The little man was right. He didn’t want anything from her. It took one pull and the bandage was gone. And he saw something red. Not the little man’s coat. It was... blood. Blood .
Aiden let out a strangled scream as the bottle slipped from his fingers and shattered on the floor. The tiles were hard against his knees. Why were his knees on the ground? Why was his head on the ground? Why was Becky screaming? Why...
A splash of cold water jolted him back to consciousness. Aiden remembered his injured hand, and the woman who had saved him. “Nora, I’m so sorry. I opened my wound again. Fix it for me? Please, Nora? I’m so sorry, Nora. My Nora,” he said in a whiny, slurred voice.
“It’s done already, you drunkard. You’re so lucky you didn’t cut yourself with the broken bottle.”
The blonde hair in front of him couldn’t belong to Nora. “You... you’re not Nora. She’s in another world, far away from me.”
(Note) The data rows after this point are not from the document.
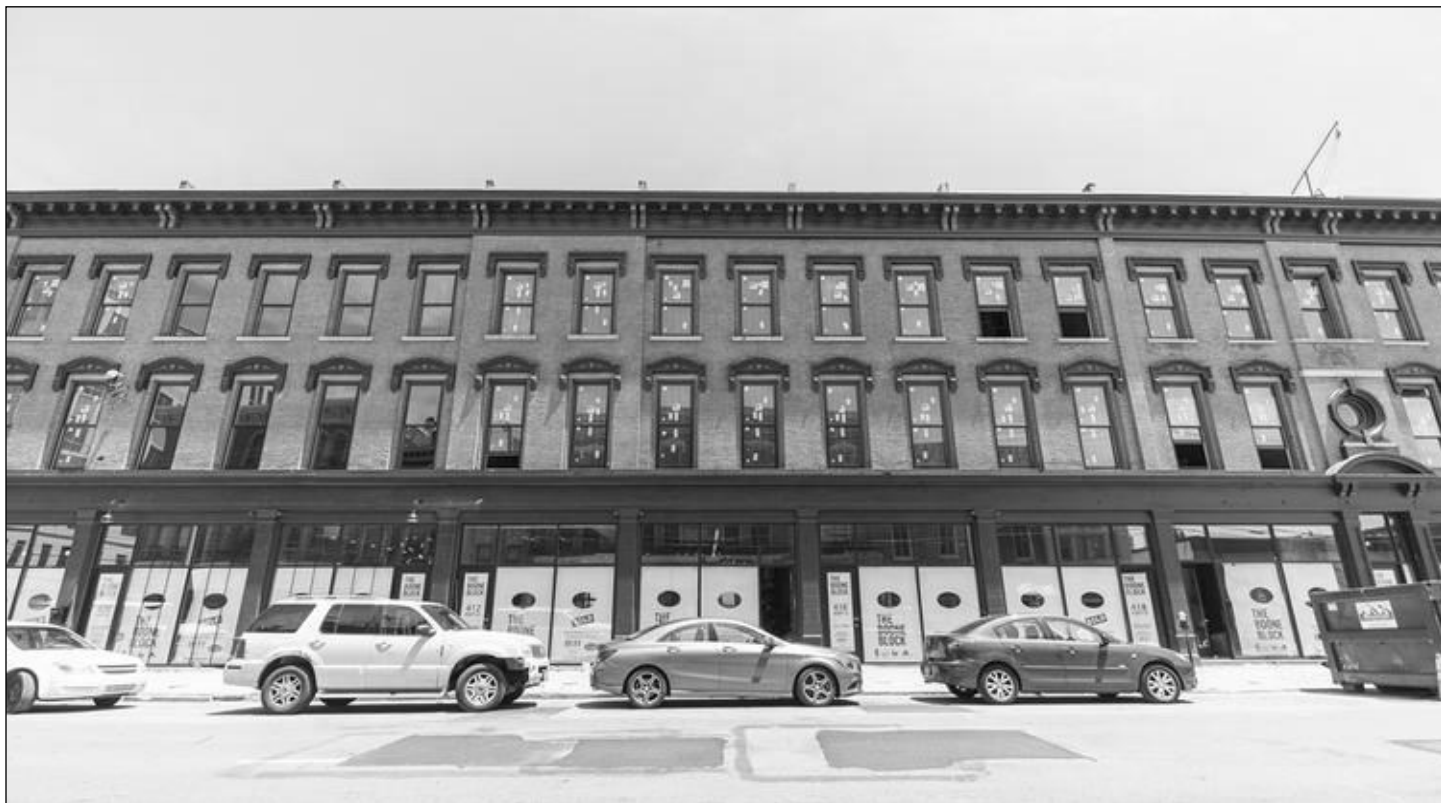
Photo taken during the transformation of Covington's historic Boone Block. The project was completed in 2017.

John R. Coppin's Building: A 110-room boutique hotel is now open in the former seven-story Coppin's Department Store at 7 th and Madison Avenue, Covington. A history of
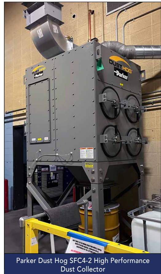
Parker Dust Hog SFC4-2 High Performance Dust Collector
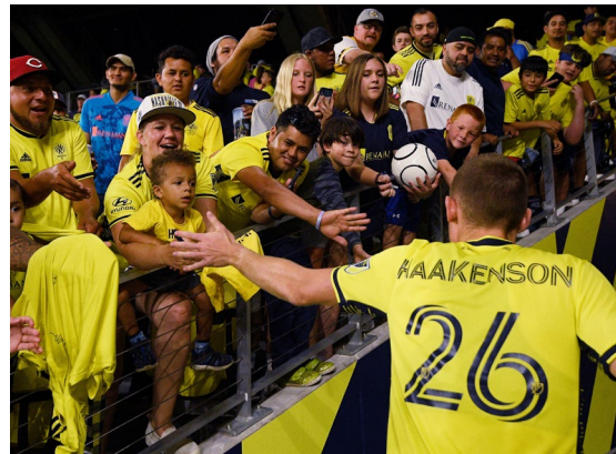
Fans in the stands kept safe by cable rail while supporting their favorite team.
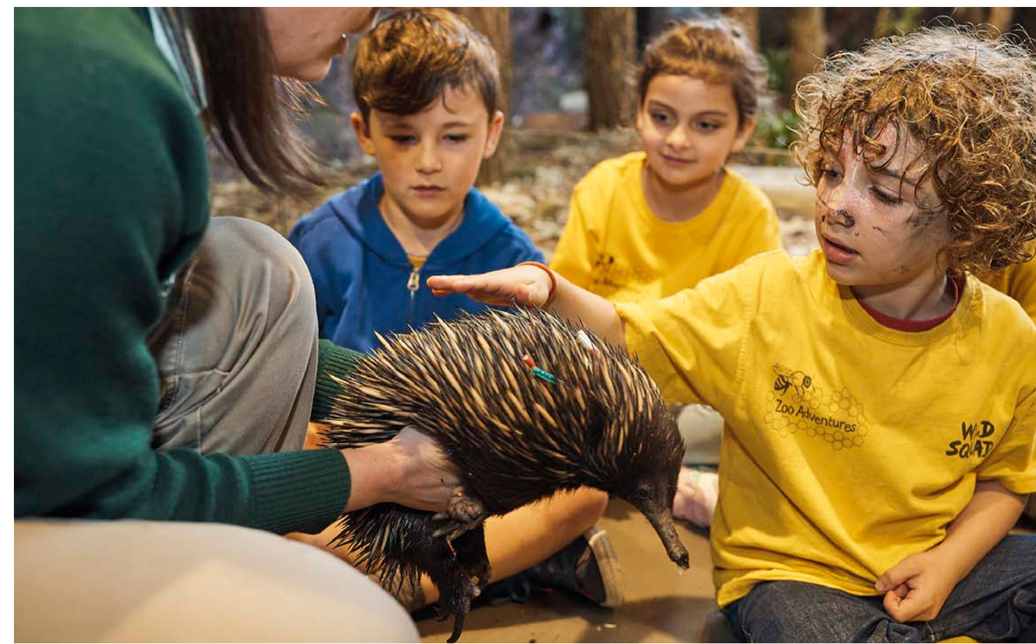
TARONGA ZOO LEARNING HUB CLASSROOM
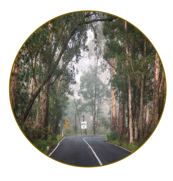
Figure 8: Yarra4Life landscape

As a medium-term action, Yarra4Life will pursue the development of an environmental monitoring framework to establish baseline condition and monitor change over time and progress towards our goals. This framework will seek to use existing data sets and established monitoring frameworks where appropriate.
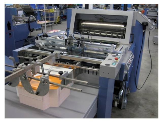
BSR 550 Servo combined with PST 750 pile stacker
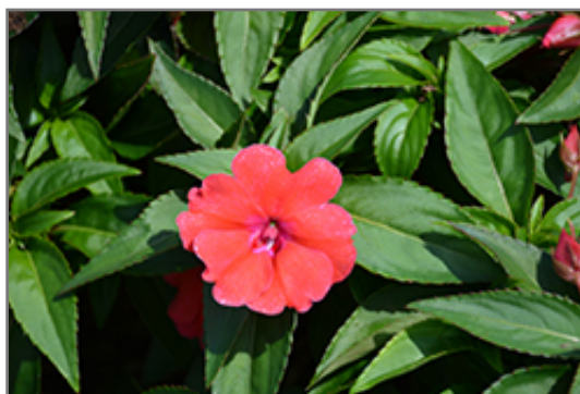
Bounce Bright Coral Impatiens flowers
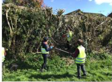
Year 2- looking after our community!
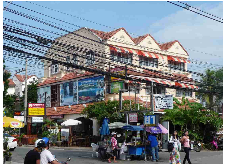
A sign showing to Hotel Danmark.
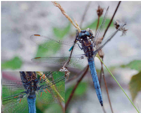
Fig 2. Seven biting midges Forcipomyia paludis on the wings of a male Orthetrum coerulescens while eating a male Ischnura elegans . Parc Natural de s'Albufera de Mallorca, Spain (18-vii-2014).
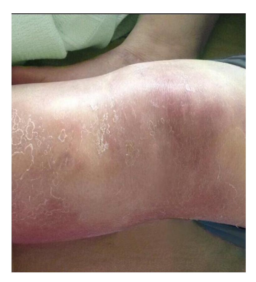
Figure 1. The erythematous lesion on leg towards 1/3 tibia proximal area

trauma history of having struck his knee on a rock in a fall and there had been contusion and a scratch on his right leg close to the knee. One day after the trauma, the patient experienced cold shivers with temperature close to 39° C and the abovementioned local symptoms developed. From the anamnesis taken from the patient it was learned that he was not using any antibiotics for his symptoms. There was a 10-year history of diabetes mellitus with blood sugar level regulated by insulin.
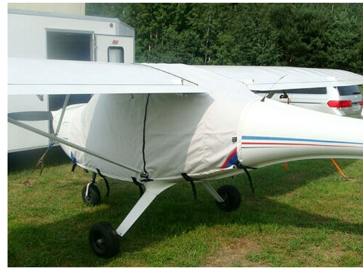
Remos G3 & GX MODELS Extended Canopy Cover (Over-The-Top Style)

“You’re damn right I’m not her. Now get your carcass in bed, before I call security to help me.”
With great effort, Aiden dragged himself to the bed, his head spinning. “Becky?” He reached out for her with his uninjured hand.
“What is it?” she said, grabbing it—though he could tell she didn’t want to.
Aiden pulled her down, so she was sitting beside him. “Please don’t leave. Not you, too.”
If she answered, he didn’t hear, as he surrendered to the comforting embrace of oblivion.